--- Data extract Enclosed Below ---
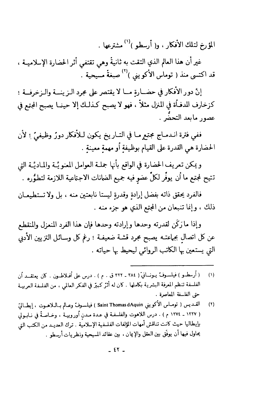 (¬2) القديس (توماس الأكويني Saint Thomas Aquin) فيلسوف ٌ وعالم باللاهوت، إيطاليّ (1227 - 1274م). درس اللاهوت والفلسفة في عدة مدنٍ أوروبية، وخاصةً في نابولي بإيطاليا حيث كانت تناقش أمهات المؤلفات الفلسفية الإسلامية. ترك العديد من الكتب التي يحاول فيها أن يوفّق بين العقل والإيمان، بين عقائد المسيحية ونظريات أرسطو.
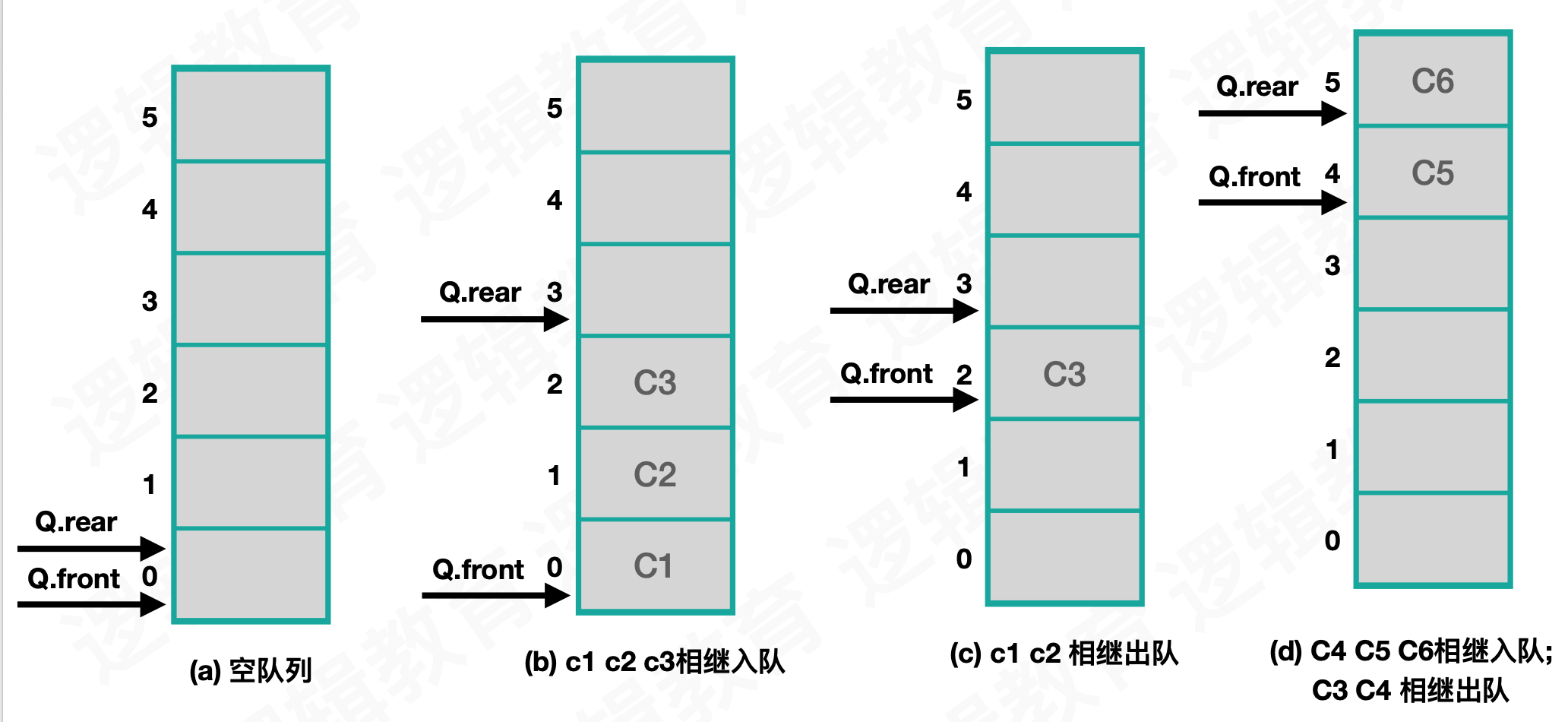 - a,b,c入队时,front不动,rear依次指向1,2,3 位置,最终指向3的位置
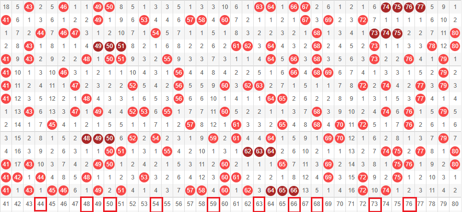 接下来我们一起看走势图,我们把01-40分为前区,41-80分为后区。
--- End of Enclosed Data extract ---
What you should do — Write out the data above in full and exactly, but without the pictures.

Solution for this problem —
 (¬2) القديس (توماس الأكويني Saint Thomas Aquin) فيلسوف ٌ وعالم باللاهوت، إيطاليّ (1227 - 1274م). درس اللاهوت والفلسفة في عدة مدنٍ أوروبية، وخاصةً في نابولي بإيطاليا حيث كانت تناقش أمهات المؤلفات الفلسفية الإسلامية. ترك العديد من الكتب التي يحاول فيها أن يوفّق بين العقل والإيمان، بين عقائد المسيحية ونظريات أرسطو.
 - a,b,c入队时,front不动,rear依次指向1,2,3 位置,最终指向3的位置
 接下来我们一起看走势图,我们把01-40分为前区,41-80分为后区。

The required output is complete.